PROBLEM REQUIREMENTS: Leave out the pictures and retype, exactly, the lines below from the line with "鄉村道路油畫印象派草地樹林藝術抽象風景" up to and including the line with "C'est le plat", nothing more.

LISTED RECORDS:
------------

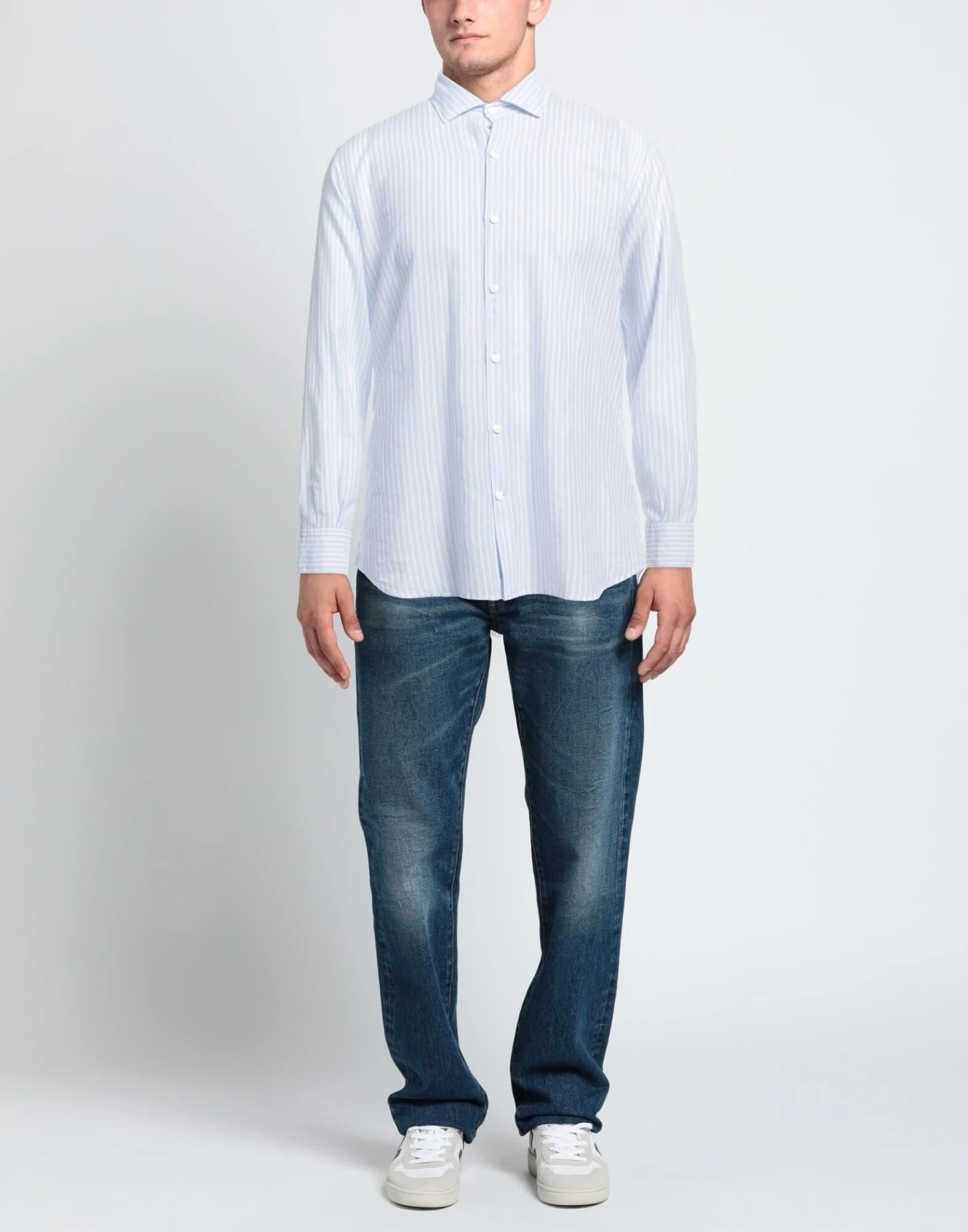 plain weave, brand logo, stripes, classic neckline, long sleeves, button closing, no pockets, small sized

------------

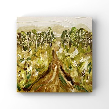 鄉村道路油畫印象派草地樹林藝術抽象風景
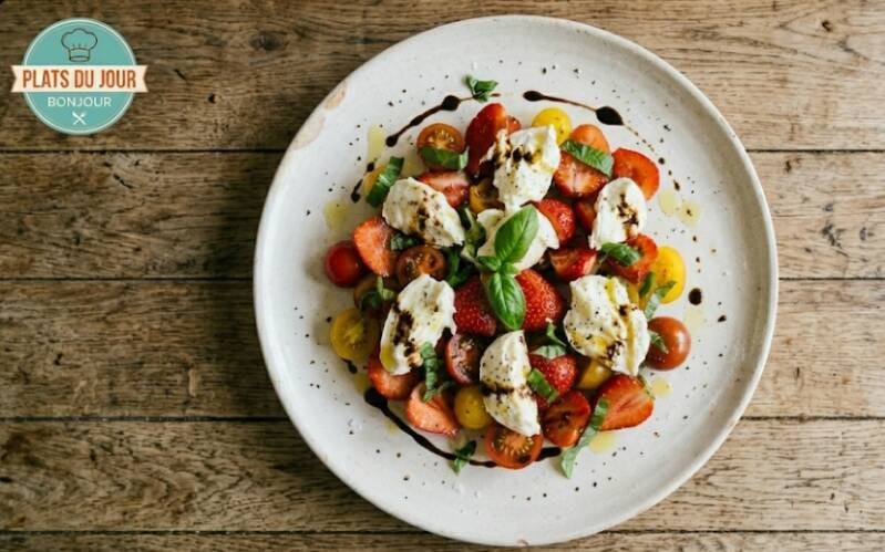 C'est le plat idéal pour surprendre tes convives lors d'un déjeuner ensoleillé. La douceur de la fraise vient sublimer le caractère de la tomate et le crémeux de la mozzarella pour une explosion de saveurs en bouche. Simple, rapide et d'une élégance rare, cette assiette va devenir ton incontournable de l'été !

------------

WRITTEN RESPONSE:
 鄉村道路油畫印象派草地樹林藝術抽象風景
 C'est le plat idéal pour surprendre tes convives lors d'un déjeuner ensoleillé. La douceur de la fraise vient sublimer le caractère de la tomate et le crémeux de la mozzarella pour une explosion de saveurs en bouche. Simple, rapide et d'une élégance rare, cette assiette va devenir ton incontournable de l'été !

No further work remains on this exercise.